Confinamento obrigatório
• Ficam em confinamento obrigatório, em estabelecimento de saúde, no respetivo domicílio ou noutro local definido pelas autoridades de saúde:
a) Os doentes com COVID-19 e os infetados com SARS-Cov2;
b) Os cidadãos relativamente a quem a autoridade de saúde ou outros profissionais de saúde tenham determinado a vigilância ativa.
• As autoridades de saúde comunicam às forças e serviços de segurança do local de residência a aplicação das medidas de confinamento obrigatório.
• Nas áreas abrangidas pela situação de calamidade, os cidadãos sujeitos a confinamento obrigatório são acompanhados por equipas constituídas pela Proteção Civil Municipal, pelos Serviços de Acão Social, pelas Autoridades de Saúde Pública, pelas Unidades de Cuidados na Comunidade e pelas forças de segurança, sendo o regime de acompanhamento regulamentado através de despacho dos membros do Governo responsáveis pelas áreas da administração interna, da modernização do Estado e da administração pública, do trabalho, da solidariedade e segurança social, e da saúde.
Instalações e estabelecimentos encerrados
• São encerradas as instalações e estabelecimentos referidos no anexo I ao presente regime e que dele faz parte integrante.
• Excetuam-se do disposto no ponto anterior as instalações e os estabelecimentos cuja atividade venha a ser autorizada pelo membro do Governo responsável pela área da atividade a retomar, após emissão de parecer técnico favorável pela Direção-geral da Saúde (DGS)
• Na ausência de publicação de documentos técnico-normativos ou de orientações especifica- cas da DGS para a retoma do funcionamento de determinada atividade, legalmente autorizada pela área governativa responsável pela área da atividade a retomar, devem ser seguidas as recomendações previstas no Guia de Recomendações por tema e setor de atividade, publicado pela DGS.
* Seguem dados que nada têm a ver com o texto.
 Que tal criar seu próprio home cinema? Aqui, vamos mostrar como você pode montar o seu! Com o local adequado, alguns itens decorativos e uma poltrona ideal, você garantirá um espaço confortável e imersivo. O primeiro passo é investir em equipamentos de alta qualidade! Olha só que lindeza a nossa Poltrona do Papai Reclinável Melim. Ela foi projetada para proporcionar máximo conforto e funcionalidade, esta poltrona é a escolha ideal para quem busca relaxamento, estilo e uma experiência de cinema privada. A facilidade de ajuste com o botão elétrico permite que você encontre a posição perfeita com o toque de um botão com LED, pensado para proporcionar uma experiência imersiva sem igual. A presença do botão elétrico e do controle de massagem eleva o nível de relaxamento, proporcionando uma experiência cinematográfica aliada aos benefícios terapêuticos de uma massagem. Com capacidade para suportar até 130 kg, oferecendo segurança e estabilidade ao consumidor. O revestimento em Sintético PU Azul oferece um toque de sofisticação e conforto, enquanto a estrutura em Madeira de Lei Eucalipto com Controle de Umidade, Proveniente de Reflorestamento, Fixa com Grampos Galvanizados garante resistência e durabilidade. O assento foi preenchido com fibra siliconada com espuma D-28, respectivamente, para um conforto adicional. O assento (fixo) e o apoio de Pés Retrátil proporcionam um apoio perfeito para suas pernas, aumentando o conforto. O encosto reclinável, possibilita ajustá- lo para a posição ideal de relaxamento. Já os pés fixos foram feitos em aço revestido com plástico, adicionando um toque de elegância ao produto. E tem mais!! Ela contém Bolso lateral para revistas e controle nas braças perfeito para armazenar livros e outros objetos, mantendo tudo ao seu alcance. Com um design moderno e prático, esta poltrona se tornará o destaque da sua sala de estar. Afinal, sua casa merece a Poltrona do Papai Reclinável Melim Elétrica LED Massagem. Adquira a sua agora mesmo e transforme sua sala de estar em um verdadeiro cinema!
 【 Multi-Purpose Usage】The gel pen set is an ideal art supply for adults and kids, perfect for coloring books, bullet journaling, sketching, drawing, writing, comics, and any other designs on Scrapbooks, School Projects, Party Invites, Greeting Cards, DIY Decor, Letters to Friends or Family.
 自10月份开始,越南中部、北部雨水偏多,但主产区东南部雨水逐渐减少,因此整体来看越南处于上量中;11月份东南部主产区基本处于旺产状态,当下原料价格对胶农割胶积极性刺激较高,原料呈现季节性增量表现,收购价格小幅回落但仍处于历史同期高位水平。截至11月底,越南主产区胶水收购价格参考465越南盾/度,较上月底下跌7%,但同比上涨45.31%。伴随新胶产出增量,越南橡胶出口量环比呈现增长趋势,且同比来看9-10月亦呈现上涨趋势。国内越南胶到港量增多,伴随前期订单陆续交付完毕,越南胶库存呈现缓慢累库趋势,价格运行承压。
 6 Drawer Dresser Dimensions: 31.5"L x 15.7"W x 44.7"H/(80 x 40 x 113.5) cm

Teletrabalho e organização de trabalho
• O empregador deve proporcionar ao trabalhador condições de segurança e saúde adequadas à prevenção de riscos de contágio decorrentes da pandemia da doença COVID-19, podendo, nomeadamente, adotar o regime de teletrabalho, nos termos previstos no Código do Trabalho.
• Sem prejuízo da possibilidade de adoção do regime de teletrabalho nos termos gerais previstos no Código do Trabalho, este regime é obrigatório quando requerido pelo trabalhador, independentemente do vínculo laboral e sempre que as funções em causa o permitam, nas seguintes situações:
a) O trabalhador, mediante certificação médica, se encontre abrangido pelo regime excecional de proteção de imunodeprimidos e doentes crónicos, nos termos do artigo 25.o-A do Decreto-Lei n.o 10-A/2020, de 13 de marco, na sua redação atual;
b) O trabalhador com deficiência, com grau de incapacidade igual ou superior a 60 %.
• O regime de teletrabalho é ainda obrigatório, independentemente do vínculo laboral e sempre que as funções em causa o permitam, quando os espaços físicos e a organização do trabalho não permitam o cumprimento das orientações da DGS e da Autoridade para as Condições do Trabalho sobre a matéria, na estrita medida do necessário.
• Nas situações em que não seja adotado o regime de teletrabalho nos termos previstos no Código do Trabalho, podem ser implementadas, dentro dos limites máximos do período normal de trabalho e com respeito pelo direito ao descanso diário e semanal previstos na lei ou em instrumento de regulamentação coletiva de trabalho aplicável, medidas de prevenção e mitigação dos riscos decorrentes da pandemia, nomeadamente, a adoção de escalas de rotatividade de trabalhadores entre o regime de teletrabalho e o trabalho prestado no local de trabalho habitual, diárias ou semanais, horários diferenciados de entrada e saída, horários diferenciados de pausas e de refeições.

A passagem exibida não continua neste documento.